# Tips for getting back into running



## nilitara (May 2, 2008)

Hi all

I'm a 47yr old guy who hasn't ran since the back end of March. I've decided it's time to get back into it after several illnesses have thwarted my progress. Pre illness I was doing 5K three times a week just to keep active, any tips or advice appreciated 

Nige


----------



## Aletank (Oct 27, 2005)

Somethin to aim for again is www.parkrun.org.uk , a free officially timed 5k walk/run/race in a park near you every Saturday morning at 9am !
Just register on the website, print of your barcode & turn up whenever it suits you. You get a official time on the website, a Text msg with your time also.
People run, jog, walk, some go around with kids in a pram even !


----------



## Darlofan (Nov 24, 2010)

Take it slow and steady. I did similar earlier in the year, what helped me was the wife started for the first time so that slowed me down. I started after about 10 years off it, thing is I'm mid 40 ' s now but still think I'm mid 20s so was likely to go hell for leather, timing every run and running miles each day wearing myself out and get demotivated by slow times. Instead cos the wife was taking it easy I did too which was much better for me, times are ok now I run 3 times a week and enjoy it even though it is in hilly wales!!


----------



## m4rkymark (Aug 17, 2014)

What about following something like the couch to 5k program? http://www.nhs.uk/Livewell/c25k/Pages/get-running-with-couch-to-5k.aspx


----------



## fifer807 (Sep 7, 2013)

Really the best tip is to get out and run. Keep your pace down. If you have to walk, then walk. Its not a bad thing. Start with a manageable distance. Complete it with a run walk mix. Gradually you will spend less time walking and more time running.

Decide what your goal is, 5k faster or longer distances. As you progress consider introducing a longer slower run once a week or hill training (hard but gets results) or sprint / jog (walk) into the mix.

Too many people go out and start too fast, have to walk and then mentally give up. Reign yourself in and most of all , enjoy it. You would be running for you.

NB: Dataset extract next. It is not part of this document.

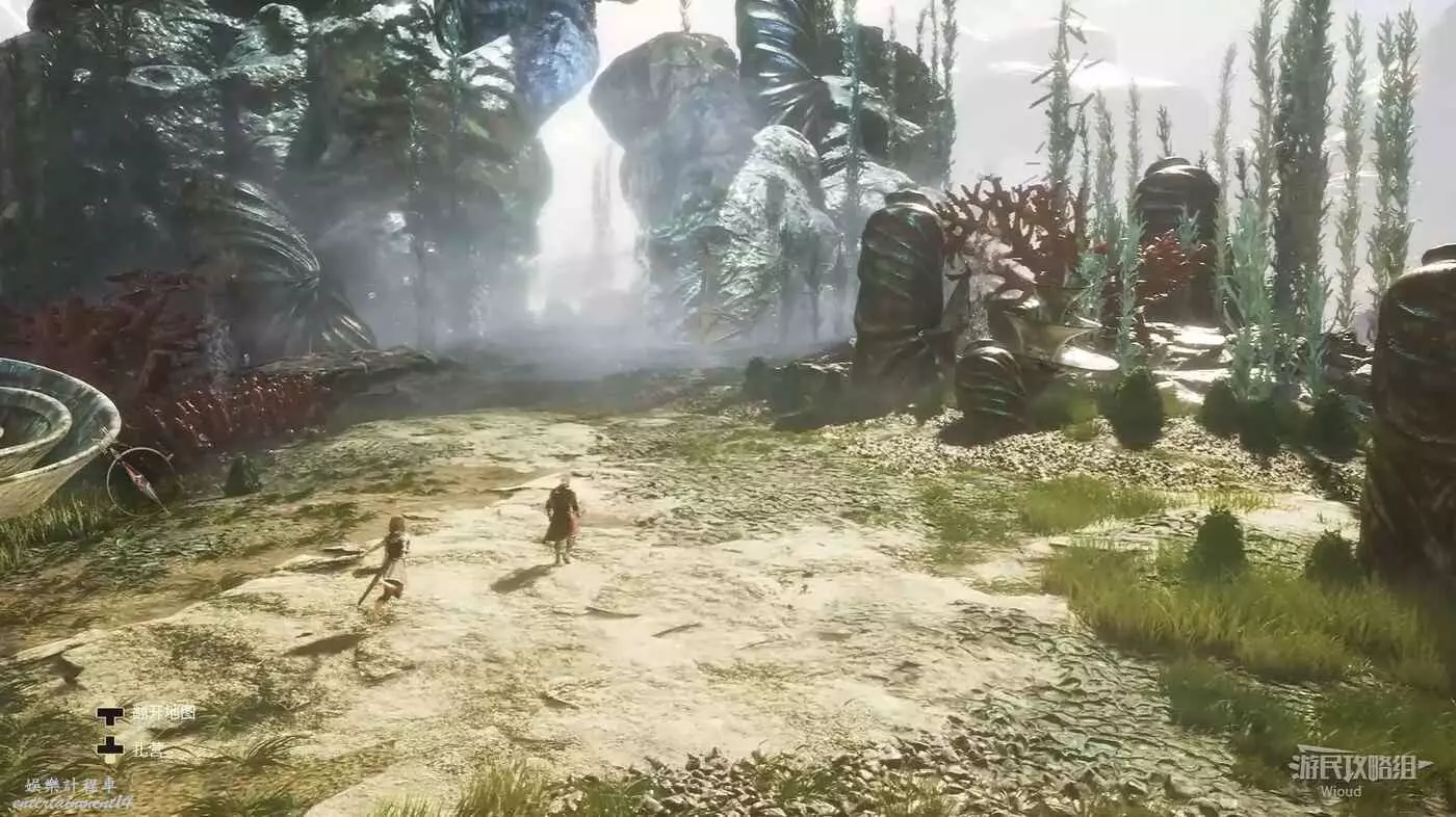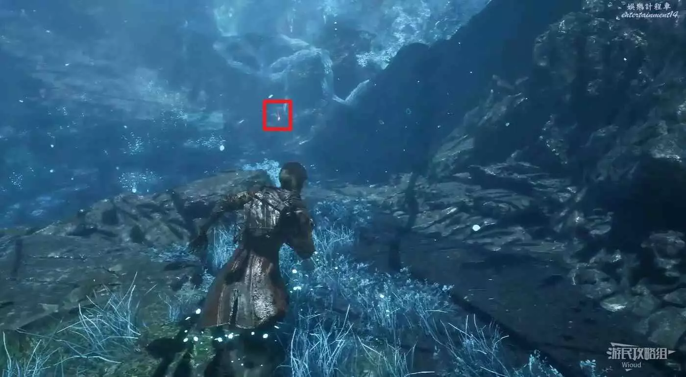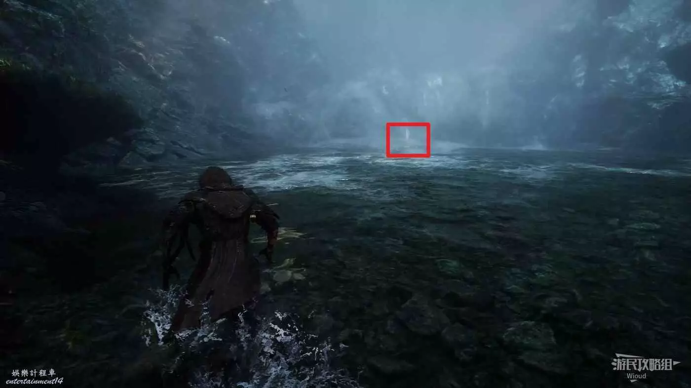 無視這隻經怪,啟動左側的篝火,沿旁邊的藍色通道走到裡面的開闊區域。

I got myself a garmin and as a bit of a tech geek enjoyed analysing the data afterwards.


----------



## kmmfc1 (Jan 26, 2010)

Parkrun is brilliant for this type of thing. People of all abilities turn up on a Saturday morning...from your Mo Farah's to people who are just starting running for the 1st time.


----------



## SarahS23 (Jul 31, 2014)

Park run seem really popular for beginners getting back into it. I used c25k when I restarted running 🏃


----------